* PROMPT
Please take the records that follow and repeat exactly the lines starting with the line with "The geyser’s on" and going on through the line with "活动第七项环节,由人工智能学".

+++ ENTRIES SUPPLIED

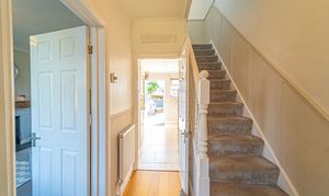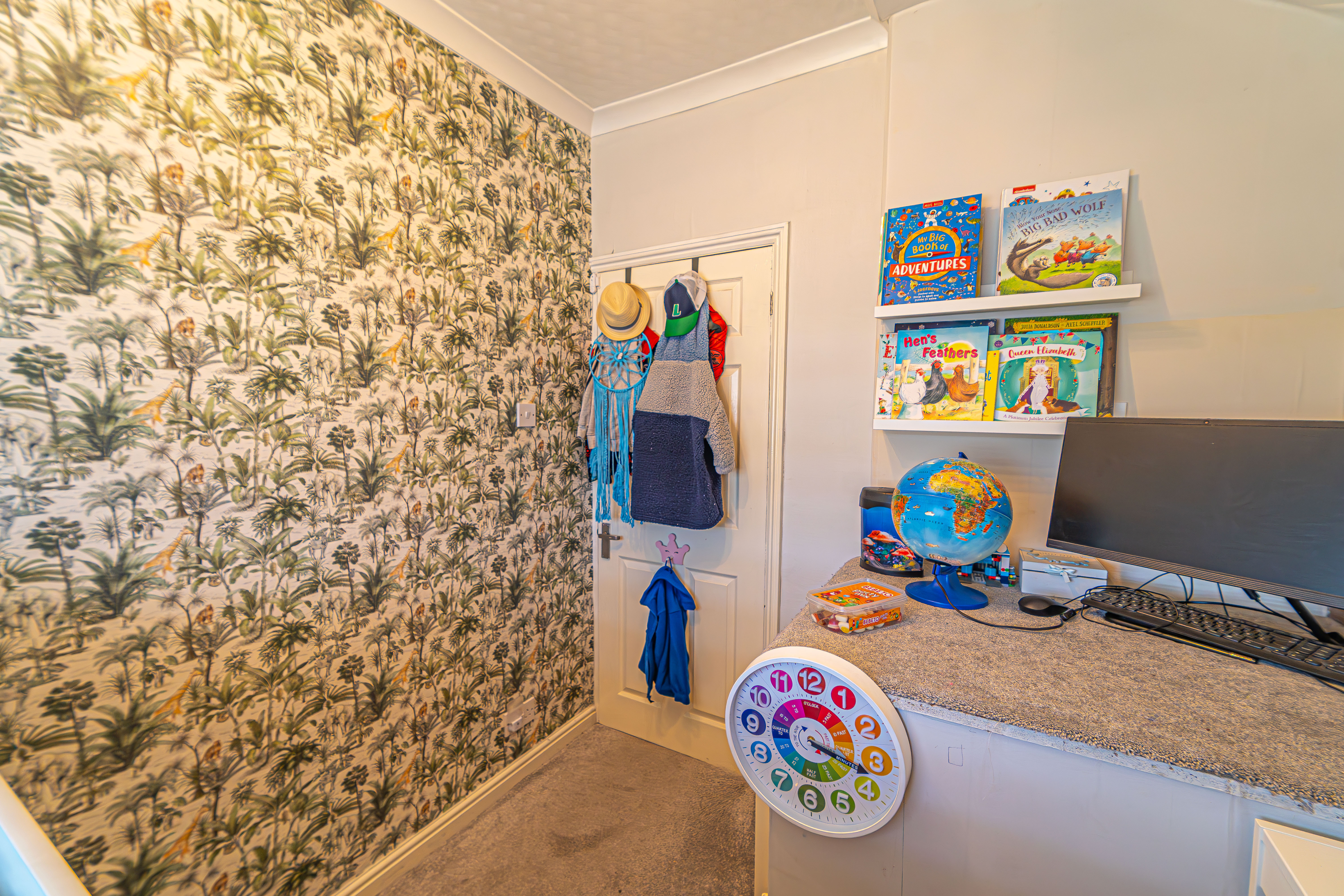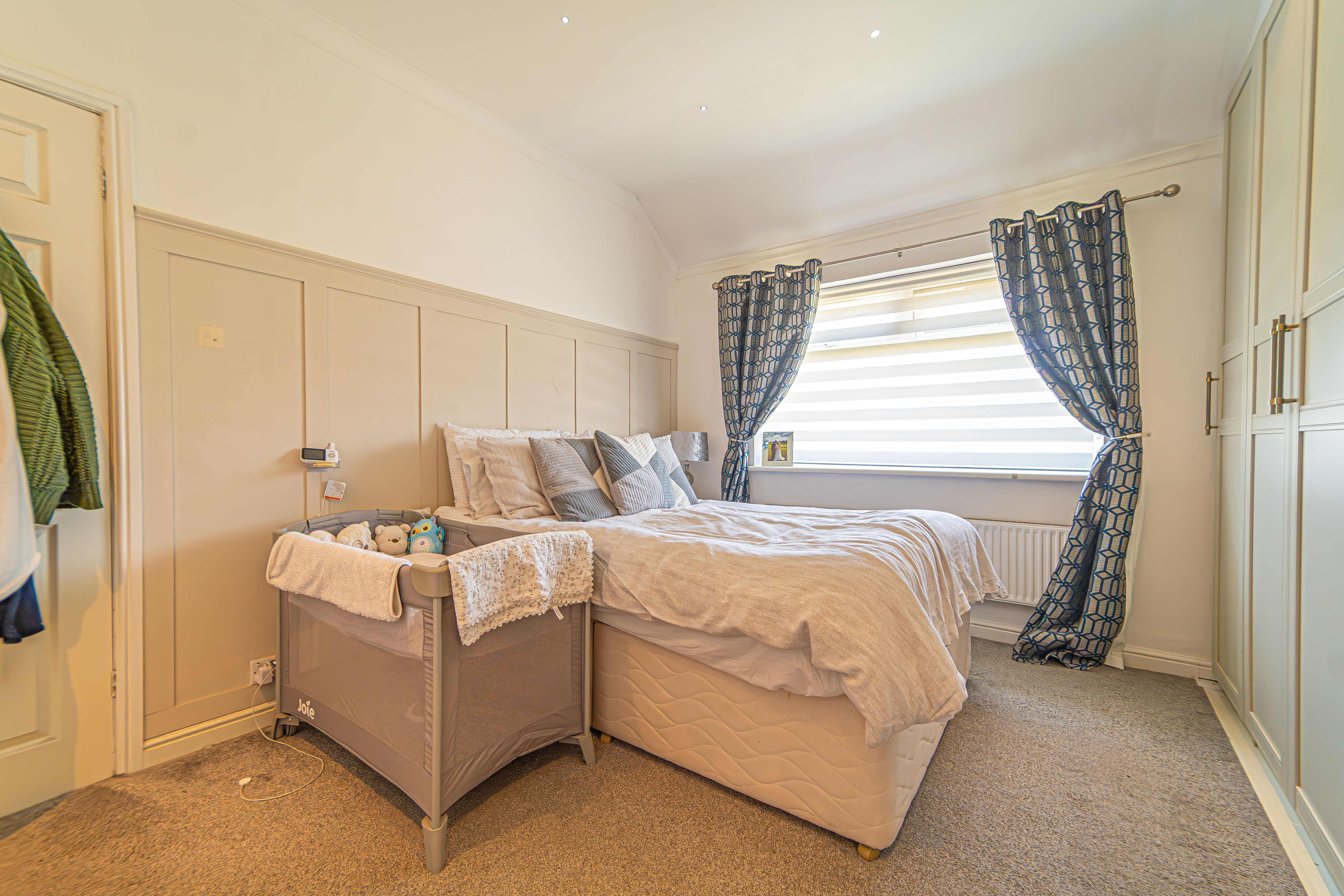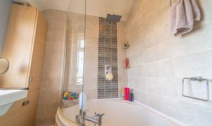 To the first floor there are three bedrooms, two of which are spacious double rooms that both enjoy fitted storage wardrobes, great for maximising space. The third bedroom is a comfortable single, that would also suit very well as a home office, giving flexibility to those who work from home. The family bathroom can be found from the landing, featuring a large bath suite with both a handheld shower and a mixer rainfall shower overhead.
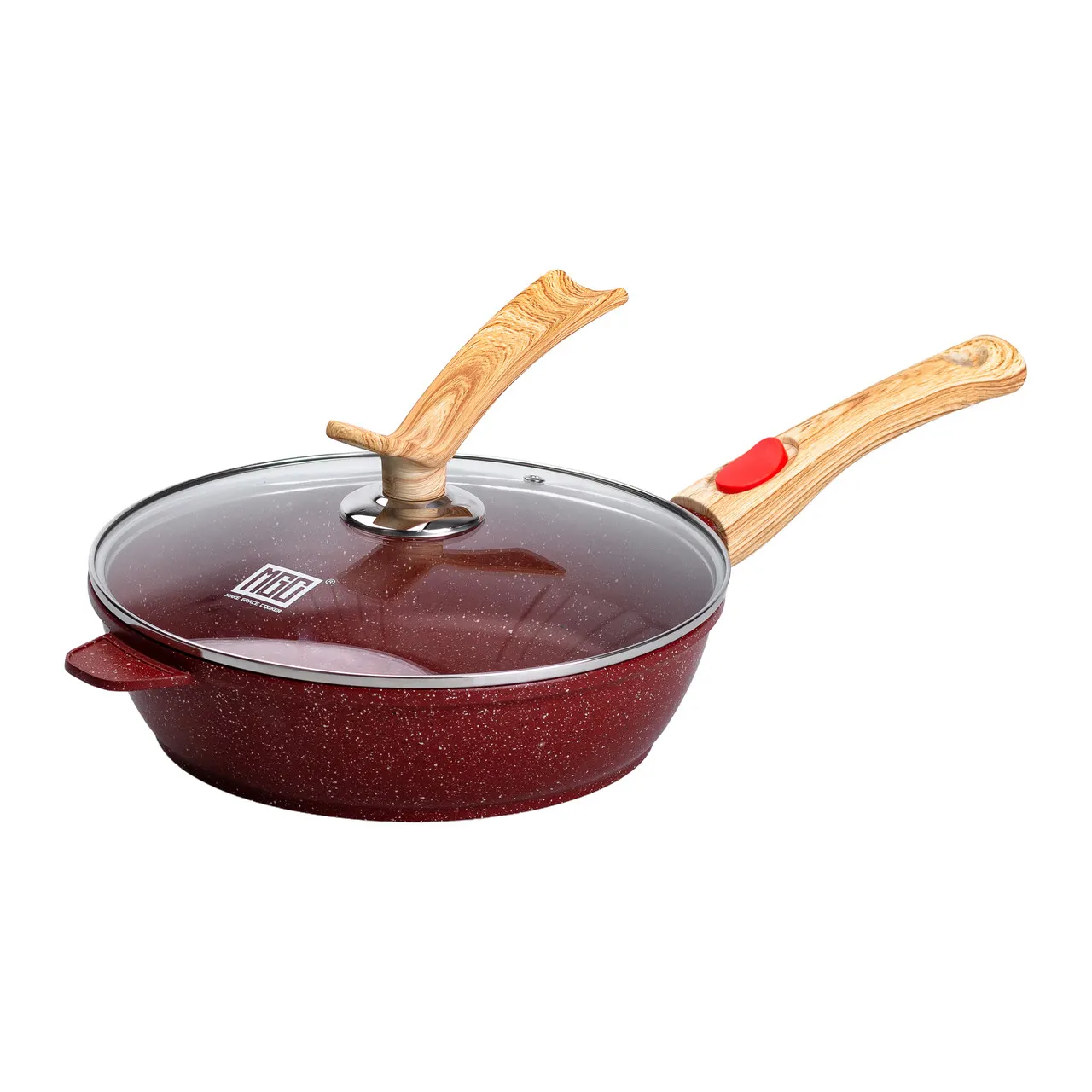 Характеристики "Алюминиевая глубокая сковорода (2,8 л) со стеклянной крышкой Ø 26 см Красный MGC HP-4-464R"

++++++
+++ ENTRIES SUPPLIED

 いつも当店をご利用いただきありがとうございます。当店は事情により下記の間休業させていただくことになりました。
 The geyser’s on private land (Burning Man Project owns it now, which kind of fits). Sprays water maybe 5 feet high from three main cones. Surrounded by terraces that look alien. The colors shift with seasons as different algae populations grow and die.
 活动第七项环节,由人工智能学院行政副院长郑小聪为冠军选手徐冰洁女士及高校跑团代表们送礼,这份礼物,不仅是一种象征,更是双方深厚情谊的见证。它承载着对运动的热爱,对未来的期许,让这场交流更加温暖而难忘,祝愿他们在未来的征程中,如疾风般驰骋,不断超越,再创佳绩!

++++++

* EXERCISE RESPONSE
 The geyser’s on private land (Burning Man Project owns it now, which kind of fits). Sprays water maybe 5 feet high from three main cones. Surrounded by terraces that look alien. The colors shift with seasons as different algae populations grow and die.
 活动第七项环节,由人工智能学院行政副院长郑小聪为冠军选手徐冰洁女士及高校跑团代表们送礼,这份礼物,不仅是一种象征,更是双方深厚情谊的见证。它承载着对运动的热爱,对未来的期许,让这场交流更加温暖而难忘,祝愿他们在未来的征程中,如疾风般驰骋,不断超越,再创佳绩!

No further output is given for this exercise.